In so many microbial ecology papers, authors fit their models on the entirety of their data and proceed to draw conclusions. This is a flawed practice as the conclusions drawn can only reasonably be held true on the stretch of data the models were fitted to, i.e. there is no testing of the models to confirm they are generalizable to similar additional data.

In the context of our paper, we aim at using the smallest possible number of bacterial taxa yielding an accurate classification of river ecological status at sampling sites. We could not just fit our models on all the data and point to the bacterial taxa showing the strongest correlations with ecological status; we had to prove the identified correlations hold true for data points not used for training the model. We also raised the challenge one step further: make accurate predictions of what happens at sites downstream of the input data used to make predictions. In essence, we require of our models that they pick up on community assembly processes over time and space in order to accurately predict future outcomes.

Figure 1 Modeling approaches for a river system: prevalence/variance vs spatio-temporal. a-b) Sites are treated as independent for the prevalence/variance approach; dependence between sites is taken into account for the spatio-temporal analysis. c) The prevalence/variance method looks at variations in microbial community composition along gradients. The various curves represent different taxa shifting in abundance along a gradient. d) The spatio-temporal method uses bacterial taxa abundances in various transformations taking into account the spatio-temporal dependency between sites in order to predict downstream ecological outcomes. Pictogram transparency represents distance and time gradients across sampling sites.
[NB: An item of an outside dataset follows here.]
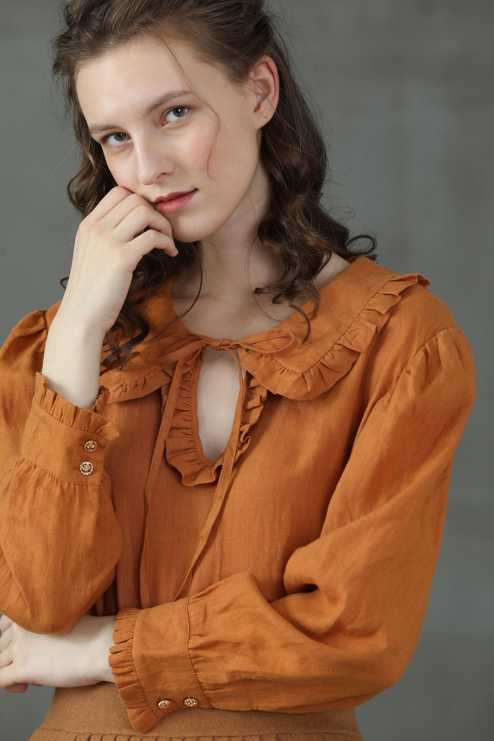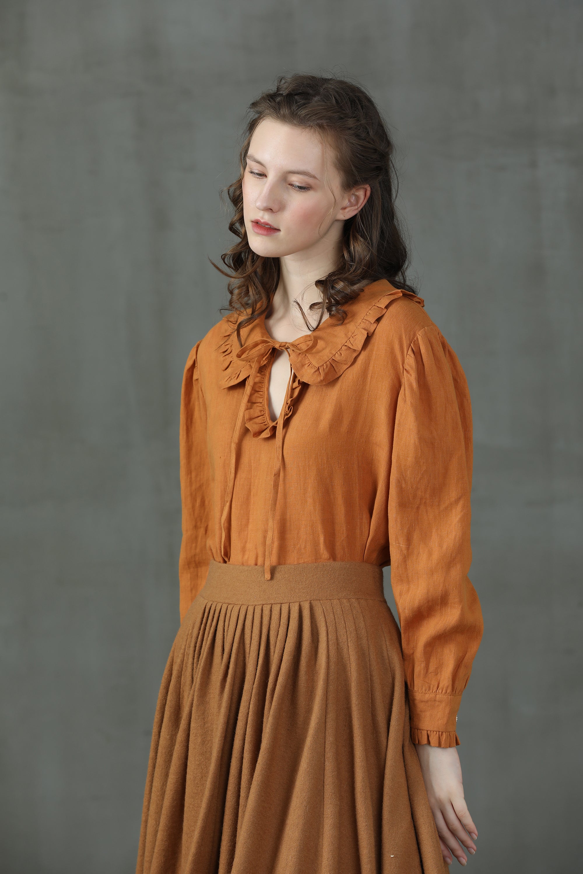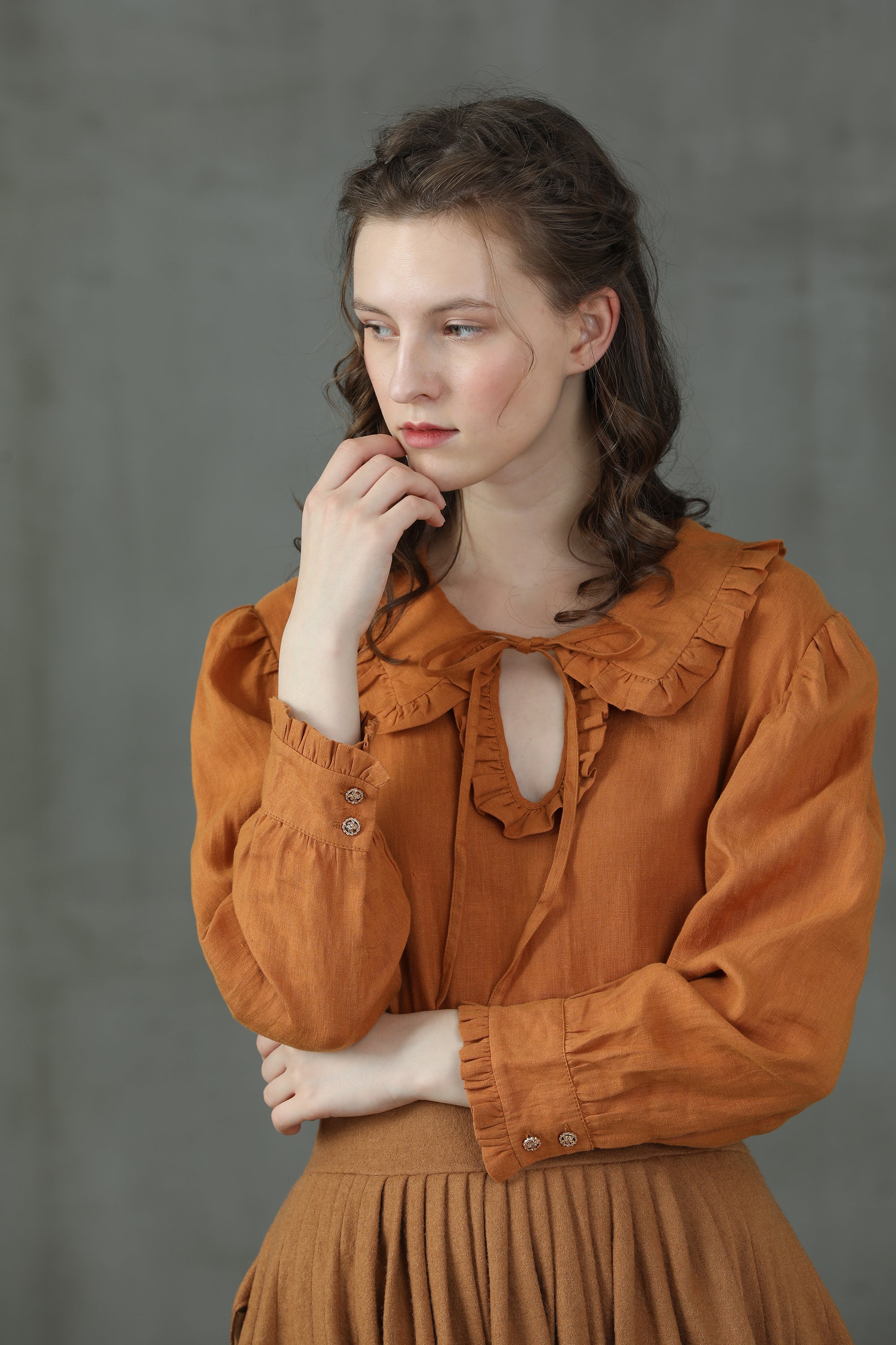 It's time to update your formal wardrobe. A cross between a shirt and blouse, this piece from linennaive boasts a round split neck version of the ruffled peter-pan collar and a front lace-up fastening. A shirt, but a little different.

How should we select which bacterial taxa to include in our models? What happens if one combination of species works as well as another and how often does this happen? Is there a gradient of usefulness across bacterial taxa in terms of model predictive power? These questions all point to information content. There is a certain amount of information required for predictive models to yield accurate predictions. Our objective thus turned to extracting this informational keystone from data. To achieve this, we chose to use model resampling. The idea is to build models one bacterial taxa at a time, adding them to the model if they yield improved accuracy. This screening process was repeated with randomly ordered bacterial taxa. The randomization allowed for each taxa to have a chance to be added to a model if they contain useful information. Once this screening process had been run a great many times, we summed the number of times each taxa showed up in a model and which taxa never showed up together. These two elements gave an estimate of how much information each taxa contains as well as which taxa contain redundant information. In this latter case, taxa are not added to the same models during the iterative process. In the end, we visualized these information contents in the form of co-occurrence and co-exclusion networks.

Figure 2 Network analysis results for the most frequent taxa returned by the spatio-temporal approach yielding perfectly accurate ecological status classification. Nodes represent individual taxa. Colors represent the respective bacterial classes to which taxa belong. Co-occurrence network; node diameter represents the number of occurrences of each taxon in the best models, while the thickness of the connecting lines represents the number of co-occurrences of taxa pairs. Co-exclusion network; links represent taxa that never occurred together in the same model. Adapted from Figure 4 in the article.

What would an ideal bioindicator look like? A good bacterial predictor ought to be present along the widest possible stretch of an environmental gradient and display sufficient variation to link its abundance to specific ecological outcomes. The importance of a broad distribution together with wide variations in abundance rests with the objective of needing as few as possible bioindicators to yield a complete picture. Specialist taxa could be very informative about relevant processes but the possibility of competitive exclusion means more than one may have to be included in a model to account for a given ecological process. In summary, good bioindicators would occupy a wide multidimensional niche space that does not overlap with other taxa.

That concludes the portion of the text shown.